A digital audio signal processor uses a matrix transform to produce a multi-channel synthetic reverberation signal based on variably-delayed versions of an input signal. The matrix transform outputs are mixed with the inputs to the signal delaying mechanisms, and some of the outputs are further processed to create the reverberation signal.

Description

FIELD
The invention relates to audio signal processing. More specifically, the invention relates to efficient methods to produce a de-correlated multi-channel synthetic reverberation.
BACKGROUND
Humans detect and process information arriving through a number of different channels. After light signals (vision), sound and hearing may contribute most heavily to one's perception of one's environment. The human auditory system is remarkably discriminating, and though it often fares poorly in comparisons with lower animals, people can detect subtle cues in an audio signal and use them to make inferences about their surroundings, even when those surroundings cannot be seen. The detection and inference occur largely subconsciously, so a carefully-prepared audio program can provide an extremely compelling and visceral experience for a listener.
Virtual reality and game applications can be greatly enhanced by an accurate audio rendering of a simulated environment. Unfortunately, producing a high-resolution, multi-channel audio stream that models the interaction of sounds from various sources with surfaces, spaces and objects in the simulated environment can be as computationally expensive as producing a sequence of high-resolution visual images of the same environment. Techniques for producing convincing audio effects with fewer calculations may be of value in this area.
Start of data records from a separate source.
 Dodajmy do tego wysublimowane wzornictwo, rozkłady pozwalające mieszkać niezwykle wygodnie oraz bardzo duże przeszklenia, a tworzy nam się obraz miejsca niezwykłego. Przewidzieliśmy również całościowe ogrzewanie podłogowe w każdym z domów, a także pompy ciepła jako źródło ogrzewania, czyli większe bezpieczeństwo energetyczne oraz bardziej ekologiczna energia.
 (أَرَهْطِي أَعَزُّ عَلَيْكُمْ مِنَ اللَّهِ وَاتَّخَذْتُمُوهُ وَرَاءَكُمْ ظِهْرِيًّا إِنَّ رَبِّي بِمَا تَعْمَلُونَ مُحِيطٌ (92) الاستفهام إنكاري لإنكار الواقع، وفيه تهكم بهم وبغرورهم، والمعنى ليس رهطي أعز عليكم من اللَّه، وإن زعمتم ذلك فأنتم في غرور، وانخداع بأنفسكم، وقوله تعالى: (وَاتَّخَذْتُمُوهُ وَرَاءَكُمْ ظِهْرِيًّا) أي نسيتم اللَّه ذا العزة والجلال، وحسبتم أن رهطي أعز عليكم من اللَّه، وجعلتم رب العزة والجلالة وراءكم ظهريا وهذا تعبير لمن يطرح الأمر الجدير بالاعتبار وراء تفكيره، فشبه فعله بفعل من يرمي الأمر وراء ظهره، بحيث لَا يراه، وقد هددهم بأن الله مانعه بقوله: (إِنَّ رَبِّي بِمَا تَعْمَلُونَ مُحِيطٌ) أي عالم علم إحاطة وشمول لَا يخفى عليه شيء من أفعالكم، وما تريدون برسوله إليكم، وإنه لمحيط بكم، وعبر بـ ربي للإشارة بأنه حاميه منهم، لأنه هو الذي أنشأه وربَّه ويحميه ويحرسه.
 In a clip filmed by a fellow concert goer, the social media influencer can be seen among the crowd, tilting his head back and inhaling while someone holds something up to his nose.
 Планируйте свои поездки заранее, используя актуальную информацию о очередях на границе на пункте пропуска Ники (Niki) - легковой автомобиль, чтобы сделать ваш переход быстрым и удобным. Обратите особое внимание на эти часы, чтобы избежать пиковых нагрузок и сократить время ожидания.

FIG. 2 shows a canonical feedback-delay network (“FDN”) that can be used to add synthetic reverberation effects to an input signal 110. When signal 110 enters the network, a scaler (amplifier or attenuator) 170 passes a “dry” version of the signal through to the output mixer 260. Several additional scaled versions of input signal 110 are produced by input scalers 220, and these signals enter a plurality of delay lines 230, 233, 236. Each delay line delays the signal entering it by a predetermined period. The signals leaving the delay lines may be further amplified or attenuated by output scalers 250, and the signals are mixed with the dry signal from scaler 170 to produce a single-channel output signal 270. The outputs of the delay lines are also fed back through feedback matrix 240 and mixed with the scaled delay line inputs.
The individual delay lines produce discrete echoes of the input signal, each echo delayed by the length of the corresponding delay line. The feedback matrix mixes the variously-delayed output signals; matrix coefficients and scaling values are chosen so that the output signal 260 includes exponentially-decaying colored noise to simulate secondary, tertiary and subsequent echoes from objects in the environment that do not produce a specific, identifiable primary echo.
FIG. 3 shows a sample time-intensity plot of the impulse response of a FDN. At t=0, an impulse or “slap” is sent into the network; peak 310 is the dry signal response. Then, during time period 320, peaks 322, 325 and 328 correspond to discrete echoes of the slap from the delay lines. Finally, during period 330, feedback through the feedback matrix creates an exponentially-decaying “tail” simulated reverberation 335.
The feedback-delay network shown in FIG. 2 can produce an adequate synthetic reverberation effect, but it only produces a single channel, and is fairly computationally expensive. Furthermore, if multiple output channels are desired (for example, to drive stereo or modern multi-channel sound systems), multiple single-channel FDNs may be operated, or a modified FDN like that shown in FIG. 4 may be used. The computational expense is increased by passing the scaled, delayed outputs through an output matrix 460. Also, if the number of output channels is different from the number of delay lines, the output matrix is not square, so efficient matrix multiplication algorithms cannot be used.
An alternate arrangement that can produce multi-channel synthetic reverberation effects with fewer calculations may be of value.
BRIEF DESCRIPTION OF DRAWINGS
Embodiments of the invention are illustrated by way of example and not by way of limitation in the figures of the accompanying drawings in which like references indicate similar elements. It should be noted that references to “an” or “one” embodiment in this disclosure are not necessarily to the same embodiment, and such references mean “at least one.”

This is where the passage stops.